Lyn explains: “Some of them will talk, from an early age to anybody and everybody.
“Chris and a few others that I know, would only talk in the house and never talk when we went out.
“I said, ‘Why is that?’ and he said, ‘Well, I want to wait until I can talk properly like the grown-ups do’.”
Gifted Children – Mensa’s checklist for parents
A gifted child may display some or many of these behaviours:
- An unusual memory
- Passing intellectual milestones early
- Reading early
- Unusual hobbies or interests or an in-depth knowledge of certain subjects
- Intolerance of other children
- An awareness of world events
- Set themselves impossibly high standards
- May be a high achiever
- Prefers to spend time with adults or in solitary pursuits
- Loves to talk
- Asks questions all the time
- Learns easily
- Developed sense of humour
- Likes to be in control
- Makes up additional rules for games
Struggling with friendships
Children with a very high IQ may find they don’t have much in common with their peers, which can mean they struggle to make friends at playgroups or school.

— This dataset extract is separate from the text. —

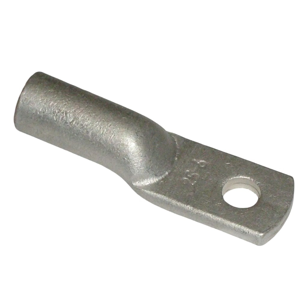 Наконечник кольцевой КЗОЦМ 25-10 мм, М10, луженая медь, 23298 — обжимной кольцевой наконечник для оконцевания медных проводников сечением 25 мм². Имеет кольцевую форму с отверстием под метрическую резьбу М10 (болт 10 мм). Изготовлен из луженой меди для защиты от коррозии. Закрепляется методом опрессовки.
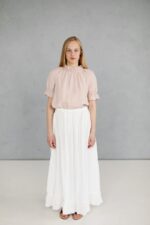Soft and lovely, this ruffle shirt is perfect for those who miss a bit of romance in their lives. It can be matched with any of our skirts or trousers and elevate a casual outfit in no time.In the pictures:

Lyn warns this can even lead to misdiagnoses of autism.
She says: “Very often, these kids will go into a primary classroom, and because they’ve done a bit of training on autism, they’ll think, ‘Oh, this child doesn’t mix with others very well, they must be autistic’.
“The number of parents I get coming to me telling me the class teacher or the head teacher has told them their child is autistic or thinks their child is autistic is scary, to be perfectly honest.
“There are some behaviours that cross both, and you can be autistic and high IQ, but it doesn’t necessarily follow.”